=== Materials provided ===
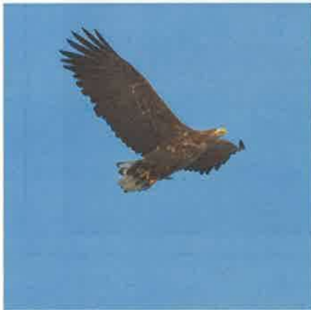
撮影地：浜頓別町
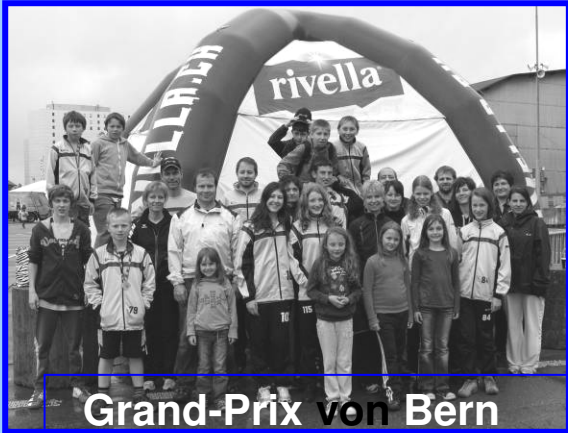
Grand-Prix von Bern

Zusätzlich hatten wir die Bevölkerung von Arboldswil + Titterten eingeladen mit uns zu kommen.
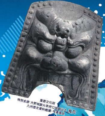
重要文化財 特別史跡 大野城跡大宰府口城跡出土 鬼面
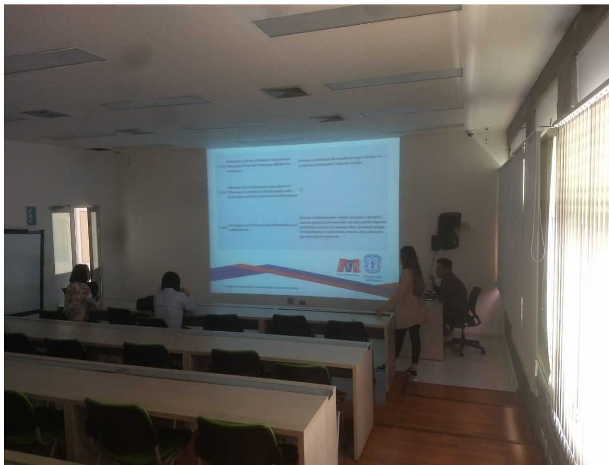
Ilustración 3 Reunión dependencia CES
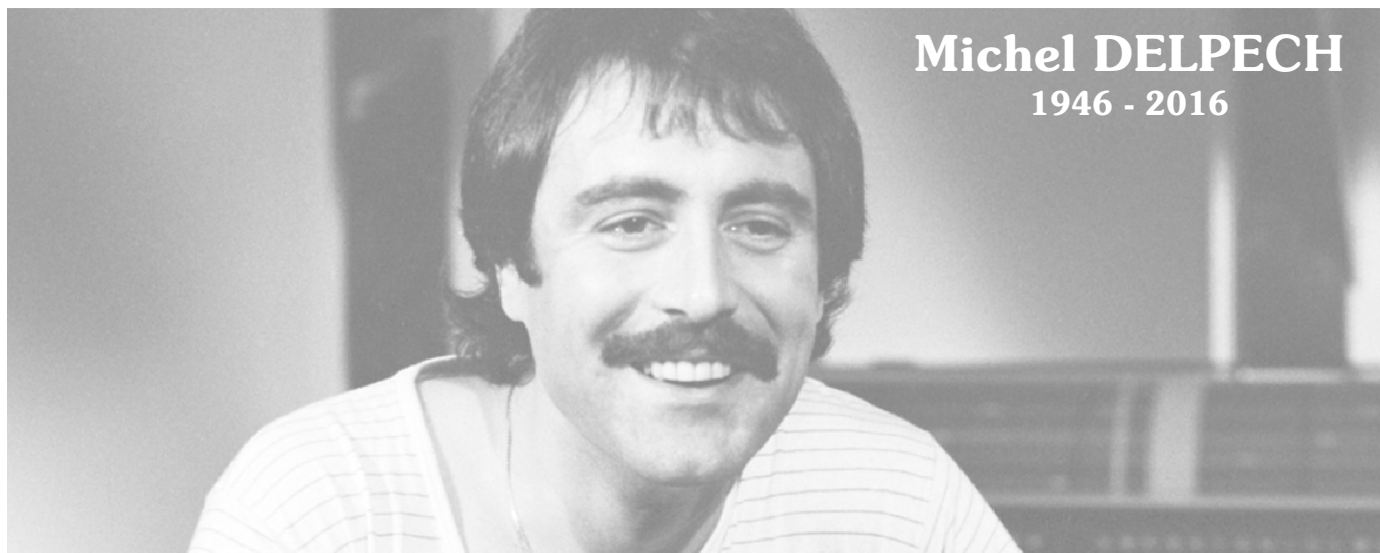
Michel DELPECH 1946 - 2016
===
Task prompt:
From the line containing "Zusätzlich hatten wir" to the last line of the entries, copy every line exactly, including both ends, and leave out the pictures.

Exercise solution:
Zusätzlich hatten wir die Bevölkerung von Arboldswil + Titterten eingeladen mit uns zu kommen.
重要文化財 特別史跡 大野城跡大宰府口城跡出土 鬼面
Ilustración 3 Reunión dependencia CES
Michel DELPECH 1946 - 2016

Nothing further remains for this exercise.